This machine has a total of 160 physical cores, with SMT disabled, and has 4 NUMA nodes, each with 40 cores.

Set the CPU binding scheme using these two scripts: OMP_NUM_THREADS=160 CUSTOM_CPU_AFFINITY=0-159. In these two environment variables, the first specifies the number of threads for CPU inference startup, and the second specifies the IDs of the bound CPUs.

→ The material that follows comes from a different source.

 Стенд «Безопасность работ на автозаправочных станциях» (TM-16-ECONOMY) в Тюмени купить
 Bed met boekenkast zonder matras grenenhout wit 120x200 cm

To achieve NUMA affinity in CPU inference acceleration, CPU binding operations are required, following the rules below:

  • The number of startup threads must match the number of bound CPUs;
  • The number of CPUs used on each NUMA must be the same to maintain load balancing.

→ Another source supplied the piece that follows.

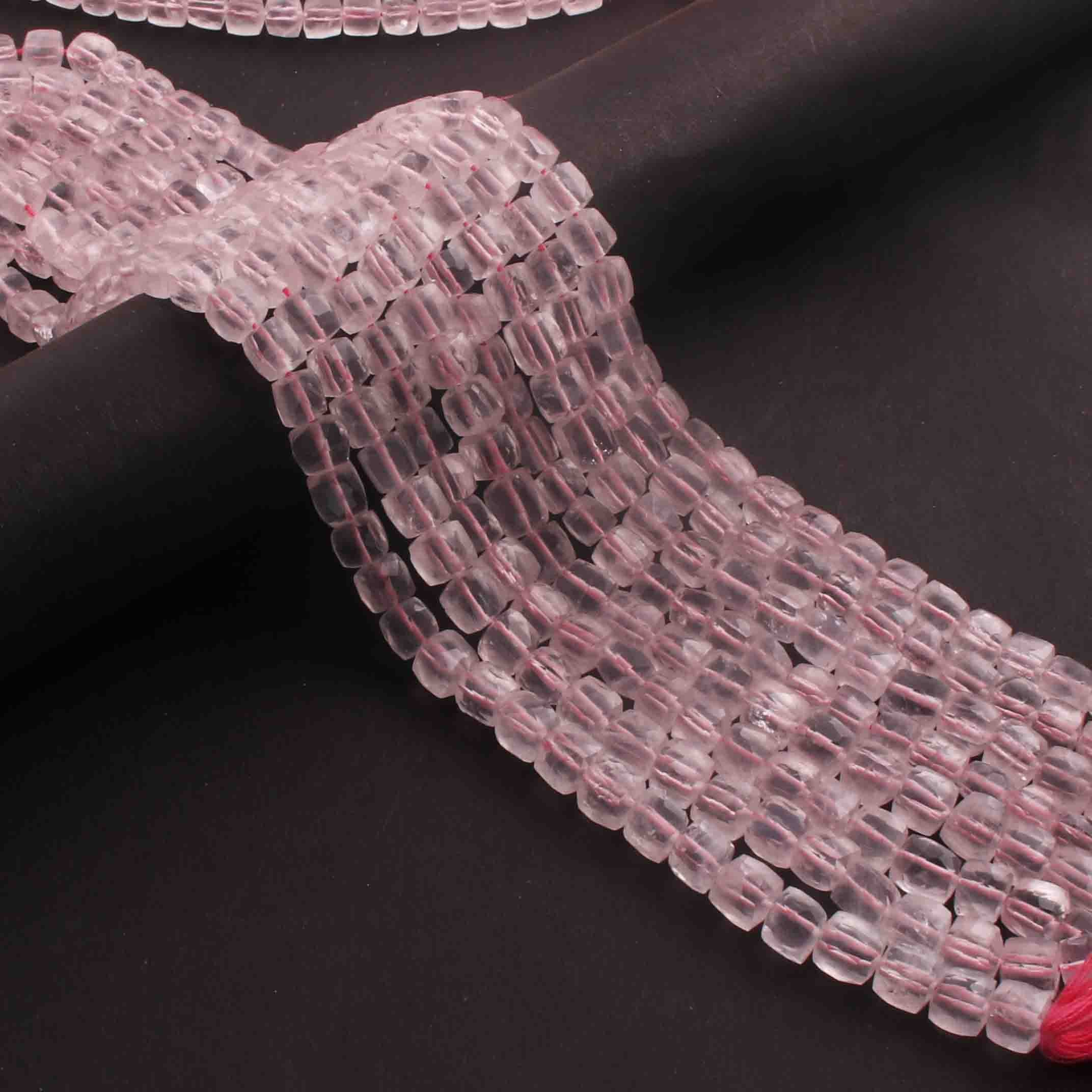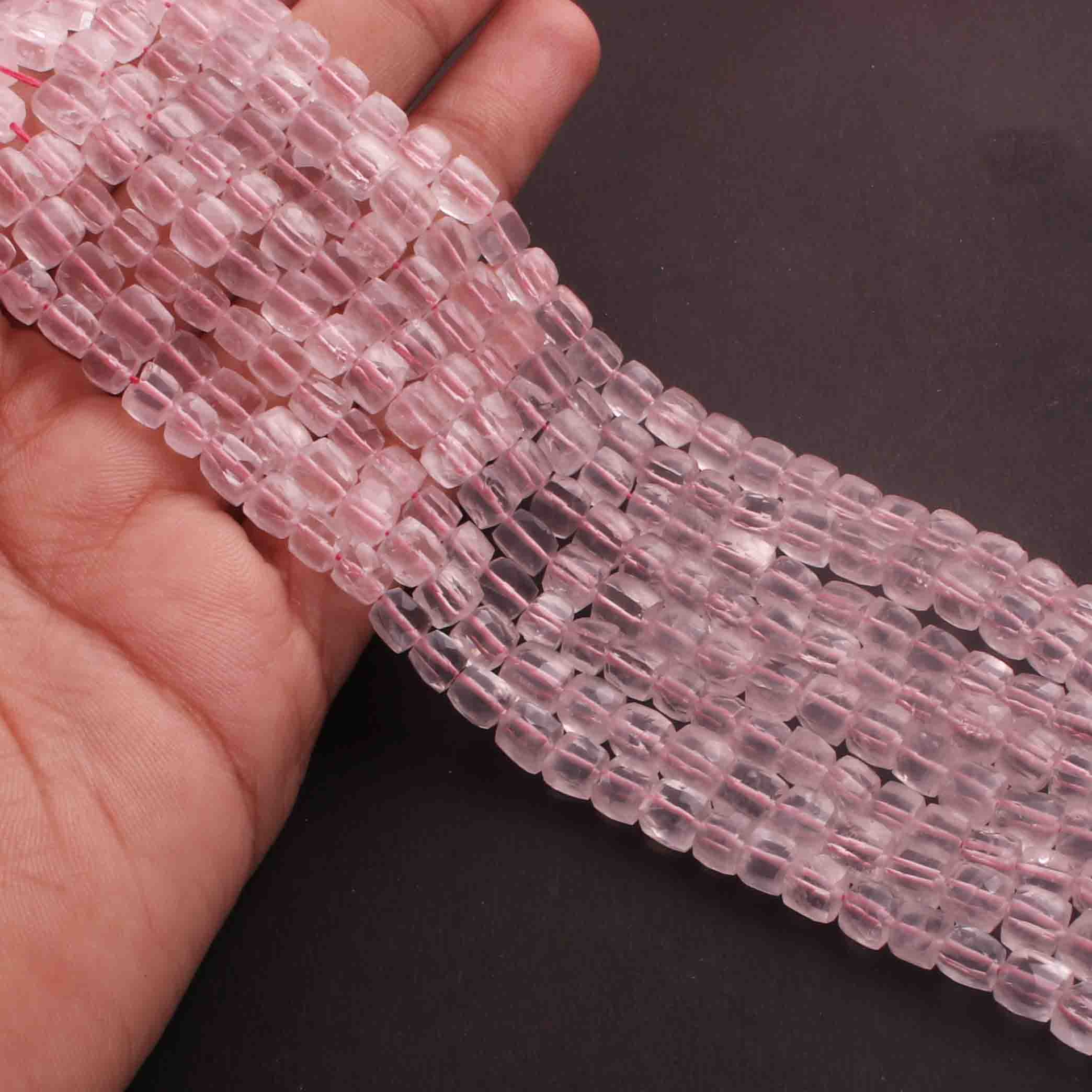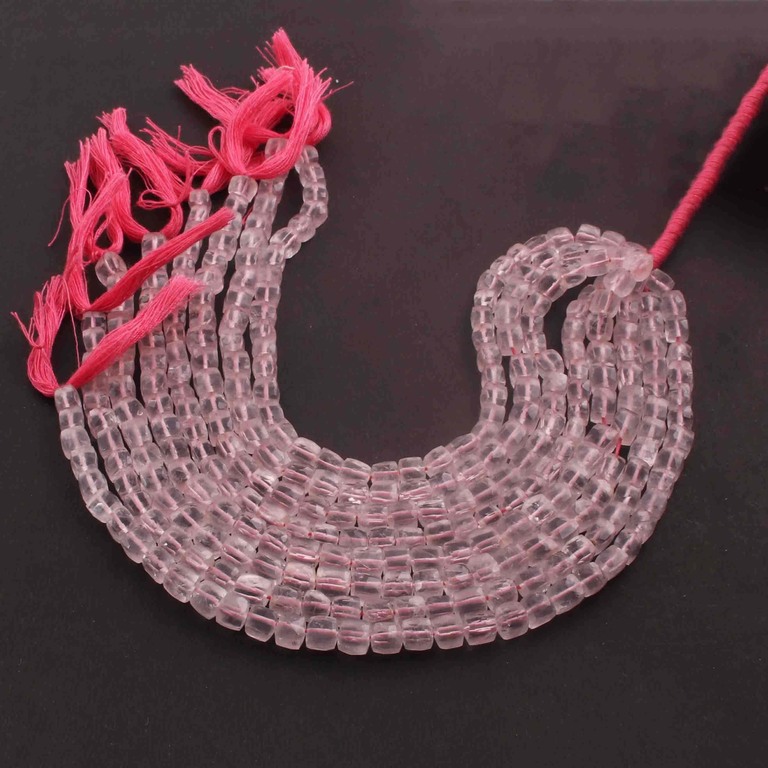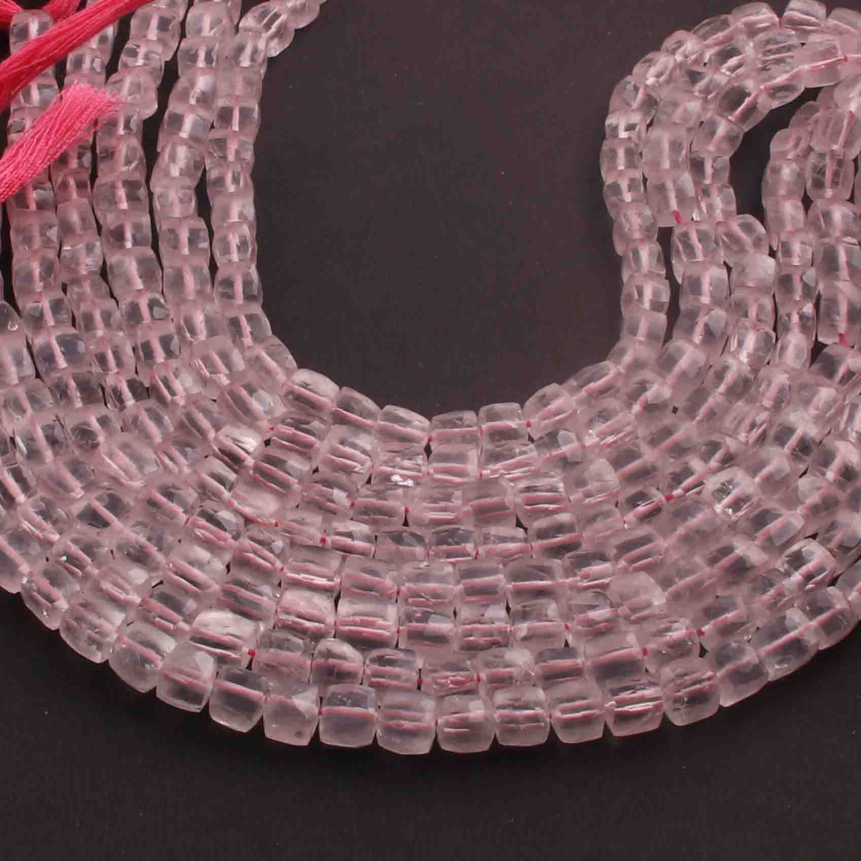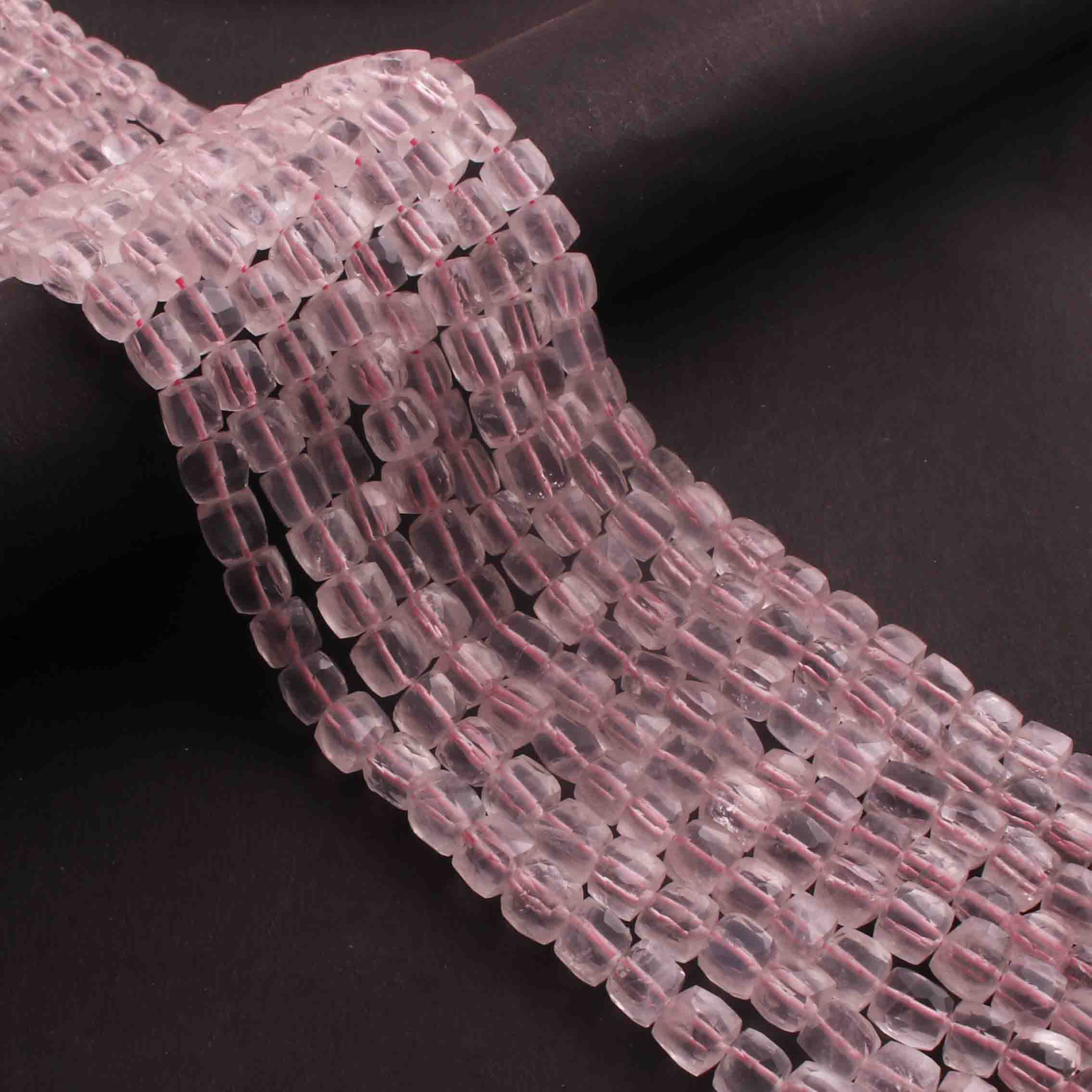 1 Long Strand Rose Quartz Faceted Briolettes - Cube Shape Briolettes , Jewelry Making Supplies 5mmx6mm-8.5 Inches BR01698

For example, in the above script, CPUs 0-159 are bound. Among them, 0-39 belongs to NUMA node 0, 40-79 belongs to NUMA node 1, 80-119 belongs to NUMA node 2, and 120-159 belongs to NUMA node 3. Each NUMA uses 40 CPUs, ensuring load balancing for each NUMA.

sysHAX Installation

There are two ways to install sysHAX: you can install the rpm package via dnf. Note that this method requires upgrading openEuler to openEuler 24.03 LTS SP2 or higher version:

shell
dnf install sysHAX

Or directly start using the source code:

shell
git clone -b v0.2.0 https://gitee.com/openeuler/sysHAX.git

Before starting sysHAX, some basic configurations are required:

shell
# When installing sysHAX via dnf install sysHAX
syshax init
syshax config services.gpu.port 8001
syshax config services.cpu.port 8002
syshax config services.conductor.port 8010
syshax config models.default ds-32b
shell
# When using git clone -b v0.2.0 https://gitee.com/openeuler/sysHAX.git
python3 cli.py init
python3 cli.py config services.gpu.port 8001
python3 cli.py config services.cpu.port 8002
python3 cli.py config services.conductor.port 8010
python3 cli.py config models.default ds-32b

Additionally, you can use syshax config --help or python3 cli.py config --help to view all configuration commands.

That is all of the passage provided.